2. The polynucleotide of claim 1, wherein the anti-CD 70 antigen binding domain is comprised in the extracellular domain of CD 27.
3. The polynucleotide of claim 1 or 2, wherein the CAR comprises the antigen binding domain of codon optimized CD 27.
4. The polynucleotide of claim 1, 2 or 3, wherein the antigen binding domain comprises, consists of or consists essentially of SEQ ID No. 2.
5. The polynucleotide of any one of claims 1, 2 or 3, wherein the antigen binding domain and transmembrane domain comprise, consist of or consist essentially of SEQ ID No. 1.
6. The polynucleotide of any one of claims 1-5, wherein the sequence encoding the transmembrane domain is codon optimized.
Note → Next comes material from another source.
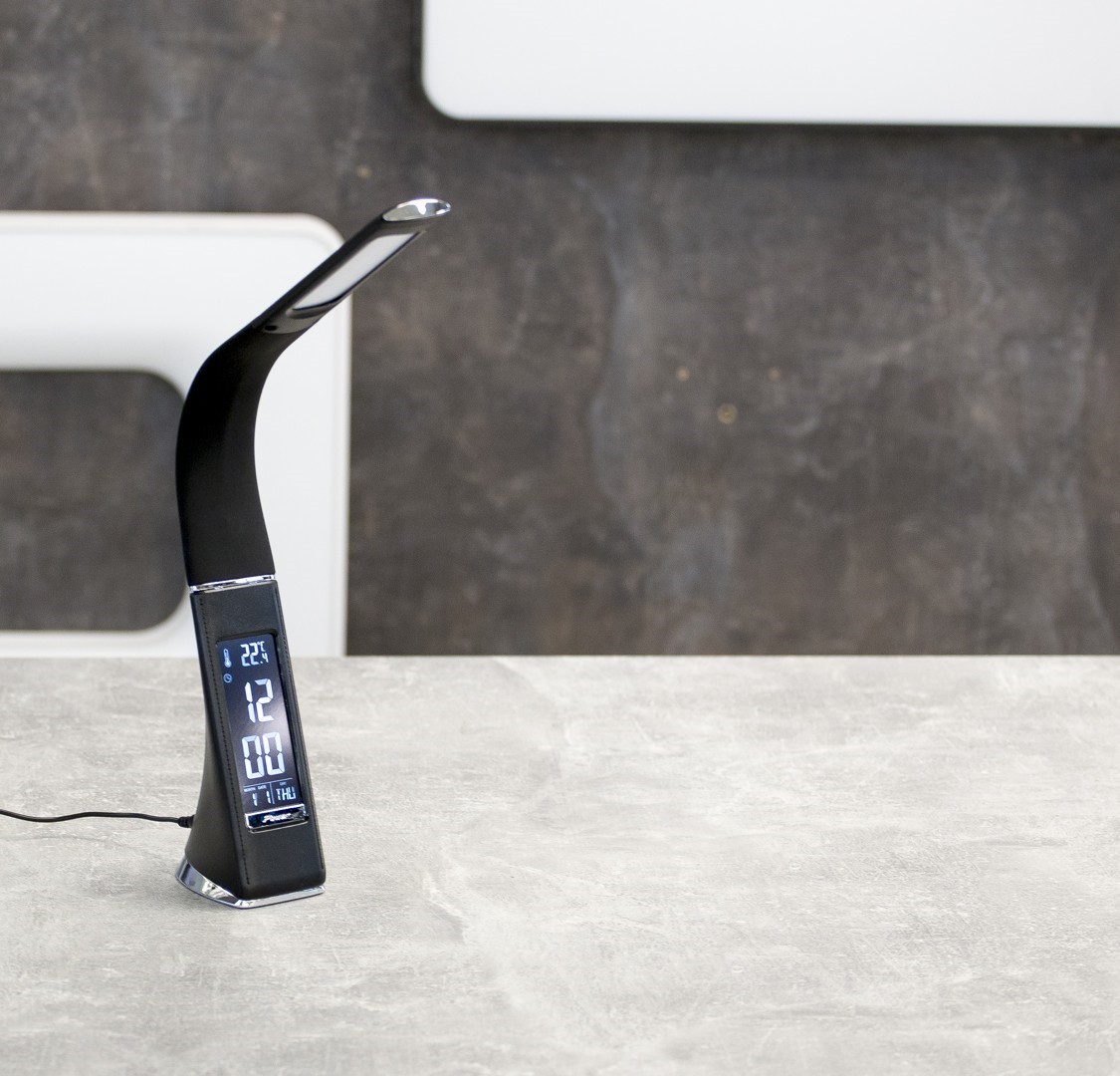 Immax 08947L LED Tischleuchte mit Display Leather 1x7W | 5000-6000K - dimmbar, Kunstleder

7. The method of any one of claims 1-4, wherein the transmembrane domain is from CD28, the alpha chain of a T cell receptor, the beta chain of a T cell receptor, the zeta chain of a T cell receptor, CD3 ζ, CD3 epsilon, CD3 gamma, CD3 delta, CD45, CD4, CD5, CD8, CD9, CD 16, CD22, CD33, CD37, CD64, CD80, CD86, CD 134, CD137, CD154, ICOS/CD278, GITR/CD357, NKG2D, DAP, or DAP12.
8. The method of claim 7, wherein the CD28 transmembrane domain comprises, consists of, or consists essentially of SEQ ID NO 3.
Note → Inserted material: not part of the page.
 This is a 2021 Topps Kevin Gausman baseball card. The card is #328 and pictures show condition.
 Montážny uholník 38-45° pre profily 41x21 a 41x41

9. The polynucleotide of any one of claims 1-8, wherein the CAR comprises two or more intracellular domains.
10. The polynucleotide of any one of claims 1-8, wherein the CAR comprises three or more intracellular domains.
11. The polynucleotide of any one of claims 1-10, wherein the intracellular domain comprises cd3ζ.
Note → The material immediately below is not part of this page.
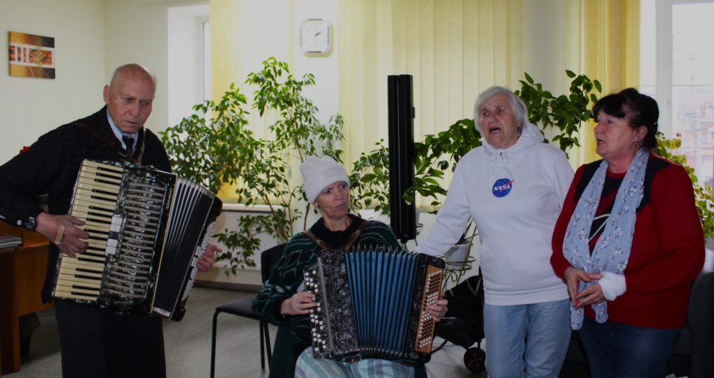 2 листопада у бібліотеці-філії № 1 відбулася чергова, як завжди, натхненна та творча зустріч учасників бібліотечного проєкту “Музичні посиденьки”. Захід об’єднав шанувальників української народної пісні – як місцевих вінничан, так і внутрішньо переміщених осіб, які знайшли у пісні та спільній справі розраду та підтримку. Головною метою зустрічі було формування концертної програми для майбутнього виступу гурту перед глядачами. Учасники активно поповнювали свій пісенний репертуар новими творами, паралельно виконуючи вже улюблені народні пісні, які створювали теплу та душевну атмосферу. Окрім творчості, колектив вкотре долучився до важливої волонтерської місії. Учасники проєкту спільними зусиллями плели маскувальні костюми, знані як легендарні “кікімори”, для потреб відважних українських воїнів.

12. The polynucleotide of any one of claims 1-8, wherein the intracellular domain is an intracellular co-stimulatory domain.
13. The polynucleotide of claim 9, wherein the intracellular domain comprises an ITAM-containing signaling domain.
14. The polynucleotide of claim 9, wherein the intracellular co-stimulatory domain is selected from the group consisting of: CD27, CD28, 4-1BB, DAP12, NKG2D, OX-40 (CD 134), DAP10, CD40L, 2B4, DNAM, CS1, CD48, NKp30, NKp44, NKp46, NKp80, and combinations thereof.
15. The polynucleotide of any one of claims 1-14, wherein the intracellular domain is a co-stimulatory domain.
16. The polynucleotide of any one of claims 1-15, wherein the signal peptide is from CD27 or granulocyte-macrophage colony-stimulating factor receptor (GMSCF-R).
17. The polynucleotide of claim 16, wherein the sequence of the CD27 signal peptide comprises, consists of, or consists essentially of SEQ ID No. 6.
18. The polynucleotide of claim 1, wherein the signal peptide is from CD27, the anti-CD 70 antigen binding domain is from CD27, the transmembrane domain is from CD27, and the intracellular domain is from CD27.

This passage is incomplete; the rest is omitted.